= GIVEN MATERIAL =
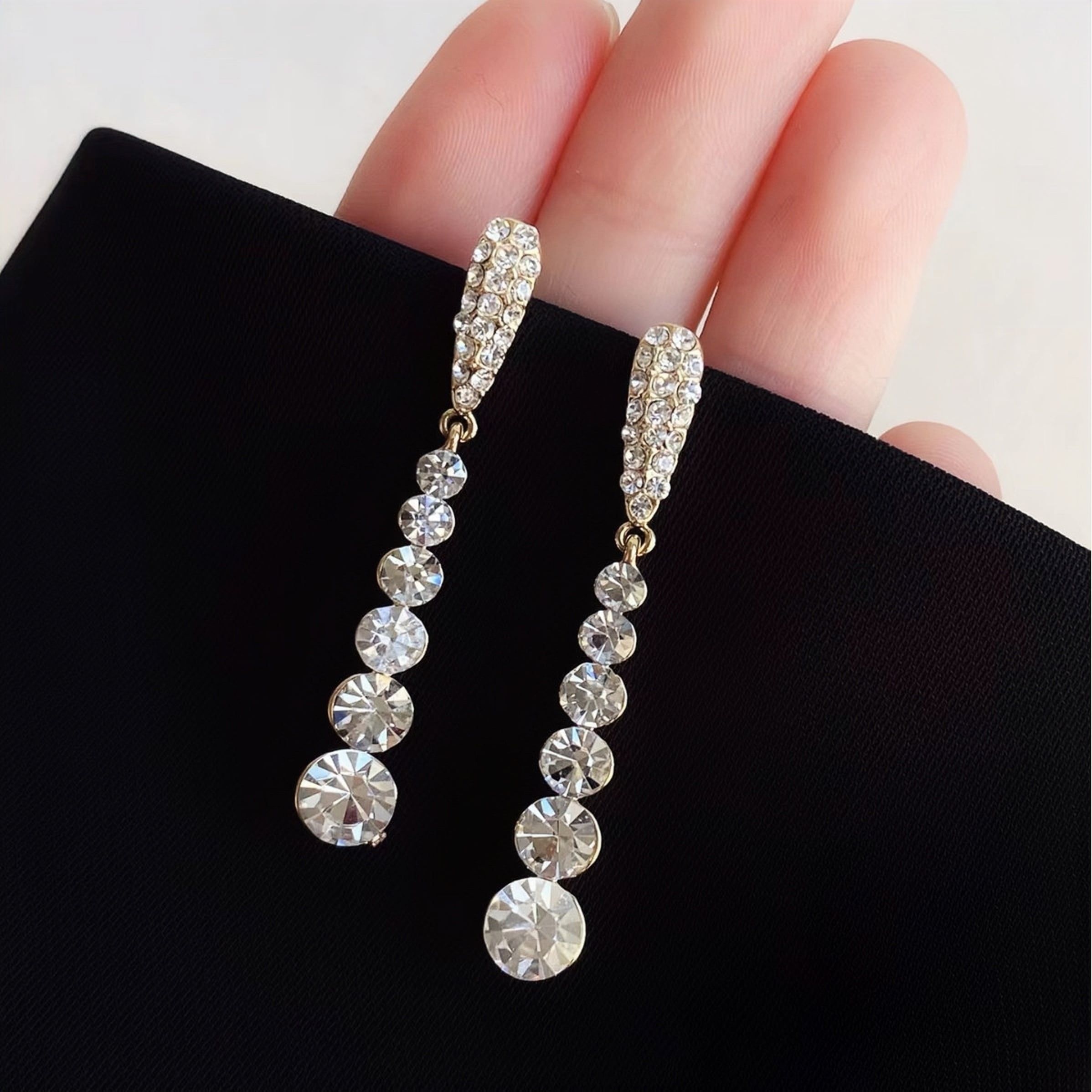 134.【人気ドロップ型】キラキラ丸カットジルコニアイヤリング ロングデザインで顔周りをスッキリ!フェミニンな輝きが毎日を華やかに タイトルのポイント(日本消費者の好みに合わせた設計) 「人気ドロップ型」:日本でロングイヤリングの中でもドロップ型は定番人気なので、瞬時に関心を引きます 「キラキラ丸カット」:ジルコニアの輝きと形状を具体的に表現し、「見た目の華やかさ」を強調(日本女性は「キラキラ」系アクセサリー
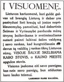 International recognition of the new government did not prove to be difficult.[14] The Western powers were not pleased with the Third Seimas when it ratified the non-aggression treaty with the Soviet Union in September. They were looking for a government that would change the priorities of Lithuanian foreign policy. It was therefore not surprising that the British The Daily Telegraph, the French Le Matin, and the United States' The New York Times wrote that the coup was expected to curtail the move towards friendly relations with the Soviet Union and normalize relations with Poland; the anti-democratic and unconstitutional nature of the coup was not emphasized.[20] The Western press reported the news calmly, or assessed it as a positive development in the Lithuanian struggle against Bolshevism. International diplomatic opinion held that a strong authoritarian leader would provide internal stability, and that even during the earlier years of the republic Lithuania had not been genuinely democratic, since many essential freedoms were curtailed under martial law.[20]
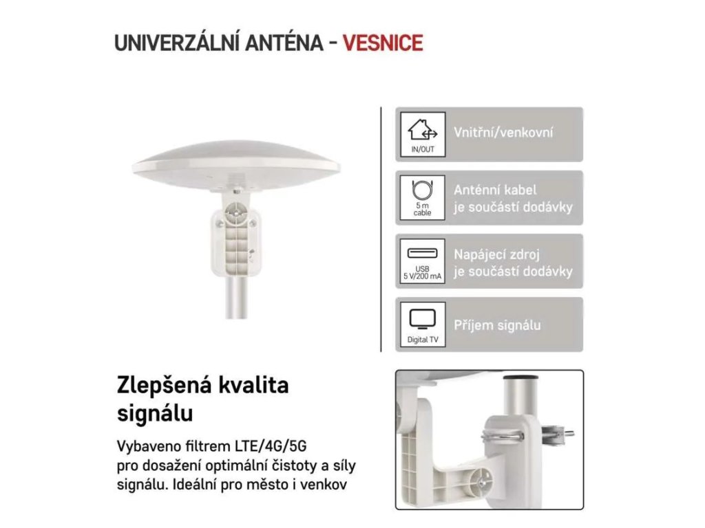 Anténa je určena do oblastí s kvalitním signálem, typicky pro vesnickou zástavbu, a zvládne příjem signálu z vysílačů vzdálených až 80 km. Díky kruhovému příjmu v rozsahu 360° nemusíte anténu přesně směrovat, což značně zjednodušuje její instalaci. Tu zvládnete snadno a rychle, protože vše potřebné – včetně držáku, 5m anténního kabelu a USB napájecího adaptéru – je součástí balení.

= PROBLEM STATEMENT =
The listing is to be repeated exactly, with its pictures removed.

= SOLUTION TO THIS PROBLEM =
 134.【人気ドロップ型】キラキラ丸カットジルコニアイヤリング ロングデザインで顔周りをスッキリ!フェミニンな輝きが毎日を華やかに タイトルのポイント(日本消費者の好みに合わせた設計) 「人気ドロップ型」:日本でロングイヤリングの中でもドロップ型は定番人気なので、瞬時に関心を引きます 「キラキラ丸カット」:ジルコニアの輝きと形状を具体的に表現し、「見た目の華やかさ」を強調(日本女性は「キラキラ」系アクセサリー
 International recognition of the new government did not prove to be difficult.[14] The Western powers were not pleased with the Third Seimas when it ratified the non-aggression treaty with the Soviet Union in September. They were looking for a government that would change the priorities of Lithuanian foreign policy. It was therefore not surprising that the British The Daily Telegraph, the French Le Matin, and the United States' The New York Times wrote that the coup was expected to curtail the move towards friendly relations with the Soviet Union and normalize relations with Poland; the anti-democratic and unconstitutional nature of the coup was not emphasized.[20] The Western press reported the news calmly, or assessed it as a positive development in the Lithuanian struggle against Bolshevism. International diplomatic opinion held that a strong authoritarian leader would provide internal stability, and that even during the earlier years of the republic Lithuania had not been genuinely democratic, since many essential freedoms were curtailed under martial law.[20]
 Anténa je určena do oblastí s kvalitním signálem, typicky pro vesnickou zástavbu, a zvládne příjem signálu z vysílačů vzdálených až 80 km. Díky kruhovému příjmu v rozsahu 360° nemusíte anténu přesně směrovat, což značně zjednodušuje její instalaci. Tu zvládnete snadno a rychle, protože vše potřebné – včetně držáku, 5m anténního kabelu a USB napájecího adaptéru – je součástí balení.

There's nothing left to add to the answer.